In Part 1 we started of our Engine development cycle by first designing an Architecture that would suit our Game. We then realized that a Game Engine, like any software, is nothing more than a big data crunching machine. We have some data (Game Assets), the user can modify some data (Input), we process that data (Game Logic) and display the resulting data (Rendering). Thus, from a developer viewpoint, managing that data is the most important aspect of the Engine. For now, we'll ignore the fact that gameplay seems to be an important aspect to the Player. But, what does he know.
In order to work with data, we chose a Top-down approach, going from overall Engine Architecture right down into Memory Management. But we still haven't talked about the actual data we will manage. We will do this here.
We will also look at some important Cache related performance issues when we work with data in order to make educated design decisions on how to structure it.
Be warned, as we are going to work at a lower level than before, there might be Code involved.
Let's say our Game will need a Deck of 60 Cards. How do we represent that in code? A Stack? What if we need to shuffle it? What if a Card is randomly placed inside the Deck, is a Stack still appropriate?

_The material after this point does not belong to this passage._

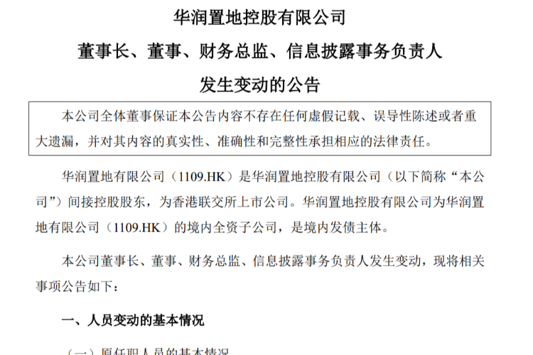 10月31日,华润置地的境内全资子公司华润置地控股有限公司(简称“置地控股”)发布人事变动的公告。

Those are alot of design questions we face while coding. It all boils down to this: What we are really interested in is something very fundamental about data. Something that applies to all shapes and sizes we might encounter in the wild - How we organize it. Or, as these organizational elements are also called, Containers.
At first glance, this might seem like something we covered in Memory Management. But it is not. The difference is subtle, our Allocators in Memory Management tell us where we store the data and our Containers tell us how we store our data.
So what is a Container? Well, you probably know alot of them, but might not have used this term before. Just to name a few:
- Linked Lists
and on.. and on..
Basically a Container is just some way of organizing pieces of Information. These small pieces might be simple variables, structs or even classes - or in our case, Game Cards.
The goal of this Article is not to teach you about the types of Containers themselves. The goal of this Article is to bridge our knowledge of Containers to our Allocators and find good and Cache-friendly ways of designing these for use in our Engine. And to be honest, this will be no easy task. I'd even go as far as saying, this is probably one of the hardest parts of writing an Engine.
But first, let's start with something simple and take a look at Containers from our Memory Management background before we move on.
The Linked List
As you probably know, a linked List is just a collection of elements, each containing some piece of data and a pointer to the next (and/or to the previous) element in the List. It's an okay solution to our Card Game, probably better than a pure Stack implementation, if we need random access or shuffling.
The obviously cool thing about linked Lists is, that you can store each element wherever you want in Memory and that this decision won't affect the relative position of the Element inside the List. Perhaps you have even implemented a linked List in the past this way, storing Elements somewhere in Memory and linking them up later on.
In short, a simple, yet very bad implementation of a singly linked List in our imaginary language might look like this:
void addElement( someObject item )
if ( firstElement == null )
firstElement = new listElement();
firstElement->data = item;
lastElement = firstElement;
lastElement->nextElement = new listElement();
lastElement->nextElement->data = item;
lastElement = lastElement->nextElement;
void deleteElementAt( int index )
listElementPointer currentElement = firstElement;
listElementPointer previousElement = firstElement;
for (int i = 0; i < index; i++)
previousElement = currentElement;
currentElement = currentElement->nextElement;
previousElement->nextElement = null;
lastElement = previousElement;
// Iteration functions.... etc...
listElementPointer firstElement = null;
listElementPointer lastElement = null;
(Ignore all the potential for errors in the above code and focus on the use of new and delete)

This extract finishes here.